Sul fronte della ricerca l’Università egli studi di Modena e Reggio Emilia ha portato a termine la definizione di linee di ricerca strategiche per l’ateneo, che verranno “premiate” con fondi per ricercatori tenure track , utilizzando il “Fondo di sviluppo della ricerca di ateneo.

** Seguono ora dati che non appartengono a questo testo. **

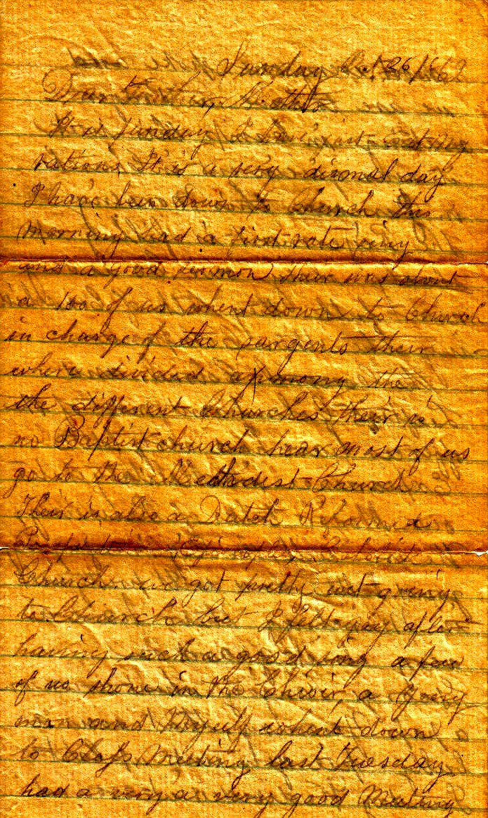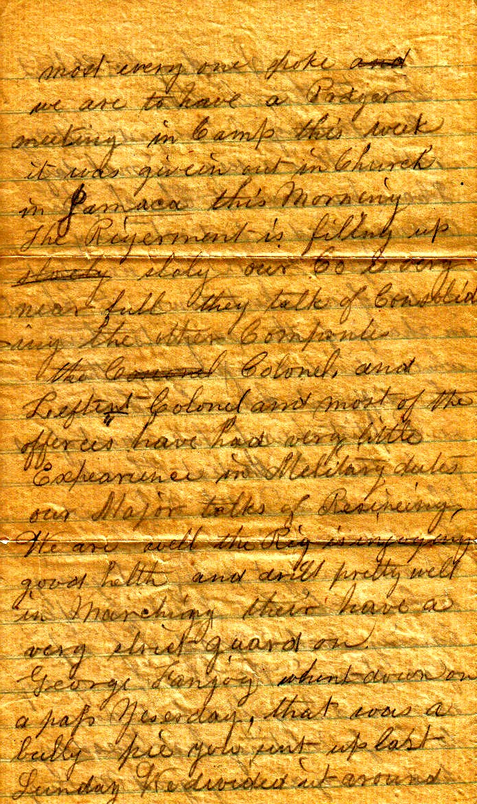 It is Sunday. I have just eaten my rations. It is a very dismal day. I have been down to church this morning and had a first-rate sing and a good sermon. There were about 100 of us who went down to church in charge of one of the sergeants. We were divided among the different churches. There is no Baptist Church here; most of us go to the Methodist Church. There are also Dutch Reformed, Presbyterian, Episcopal, and Catholic churches. We got pretty wet going to church but I felt gay after leaving such a good sing. A few of us shone in the choir. A young man and myself went down to class meeting last Tuesday and had a very good meeting; most every one spoke. We are to have a prayer meeting in camp this week. It was given out in church in Jamaica this morning. The Regiment is filling up slowly. Our Co. is very nearly full. They talk of consolidating the other Companies.

Inoltre, l’ateneo partecipa in modo importante ai tecnopoli regionali, con numerosi progetti in via di attuazione (Modena – Reggio Emilia) e in questi ultimi mesi ha contribuito a definire i progetti “cluster” nazionali, diventando capofila per il progetto EDU, un progetto che avrà sede a Mirandola, ed è entrata con rilevanti partecipazioni anche in vari altri cluster nazionali. “Tutto questo – ha ricordato Aldo Tomasi – è finalizzato a trovarci preparati per i “call” del megaprogetto europeo di sostegno alla ricerca, denominato H2020. Abbiamo partecipato, in coordinamento con numerose imprese ai progetti di distretto, anche questi finanziati dalla Regione”.

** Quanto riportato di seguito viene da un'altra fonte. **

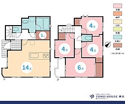 | 間取り | 4LDK 間取り内訳:リビングダイニングキッチン 14.6帖(1階)・洋室 6.4帖(2階)・洋室 4帖(2階)・洋室 4帖(2階)・洋室 4帖(2階) |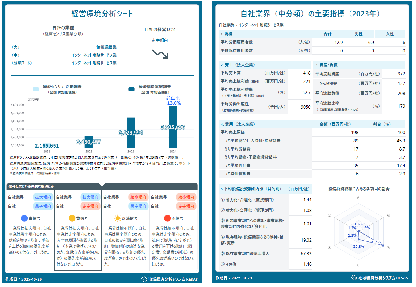 自社業界の経営環境を一目で確認できる「経営環境分析シート」に出力できる情報が大幅に強化され、付加価値額の経年推移や、業界の主要財務データを幅広く盛り込まれています。

“I problemi da affrontare – ha detto concludendo il suo intervento il Rettore Tomasi – vanno dal diritto allo studio, alla discussione e decisione sugli indirizzi di sviluppo delle sedi. In questi momenti di estrema difficoltà per il paese, i fondi per la scuola, per la formazione, per il diritto allo studio subiscono pesanti tagli, mettendo a repentaglio la sopravvivenza stessa del sistema. Gli effetti sono già evidenti nel cospicuo calo di studenti universitari che si osserva da ormai quasi un decennio nel nostro paese. Di fronte a questo impoverimento che mette in pericolo il futuro dell’Italia, continuiamo ad assistere alla incapacità del nostro sistema politico di porsi un freno alla proprie spese, ovvero ridimensionare in modo rilevante i cosiddetti costi della “politica”. Penso – ha concluso – che questa situazione debba fare pensare seriamente tutti. Occorre re-introdurre scale valoriali che sappiano indirizzare la residua capacità di spesa di questo paese verso scopi primari, pena il declino economico e sociale”.